In the aspect of data acquisition, semantic understanding can effectively expand data resources by means of automatic construction of data and automatic construction of fill-in-the-blank problems. In order to solve the filling problem, some deep learning-based methods have been proposed, such as attention-based neural network method. At present, the mainstream model is to use the neural network technology to model the chapter and the question, to predict the start and end of the answer, and to extract the chapter fragments. For the further generalization of the answer, the processing difficulty is further improved, and the current semantic understanding technology still has a large space for improvement.
(3) Question answering system
The question answering system is divided into open domain dialogue system and domain specific question answering system. Question answering technology is a technology that allows computers to communicate with people in natural language just like humans do. People can submit questions in natural language to the system, which returns highly relevant answers. Although there have been many application products of q&A system, most of them are applied in the field of actual information service system and smart phone assistant, and there are still problems and challenges in the robustness of THE Q&A system.

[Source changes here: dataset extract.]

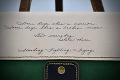 Wrapped in a hand-painted cover and finished with a handwritten quote, each journal is a quiet companion. Made from sustainably sourced leather and 90 lb watercolor paper, they’re a sanctuary for handwriting, sketching, and visual storytelling.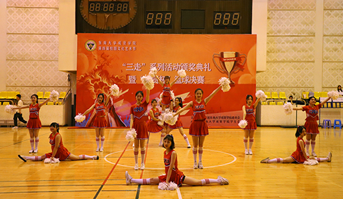 活动中,校团委老师冯杭州为本届校园文化艺术节“三走”系列活动的获奖队伍及个人颁发了奖状与奖品;学生会主席王瑞对第四届校园文化艺术节之“三走”系列活动进行了总结发言;决赛场上,双方球员全力投入、技术娴熟,“三分王”争霸赛,吉他社的激情演奏以及啦啦队的火热表演,为现场观众呈现了一场精彩绝伦的篮球盛宴。

There are four major challenges in natural language processing. First, there are uncertainties in lexical, syntactic, semantic, pragmatic and phonetic aspects. Second, new vocabulary, terminology, semantics and grammar lead to the unpredictability of unknown language phenomena; Third, insufficient data resources make it difficult to cover complex language phenomena; Fourth, it is difficult to use simple mathematical model to describe the fuzziness and complicated correlation of semantic knowledge, and semantic calculation needs nonlinear calculation with huge parameters.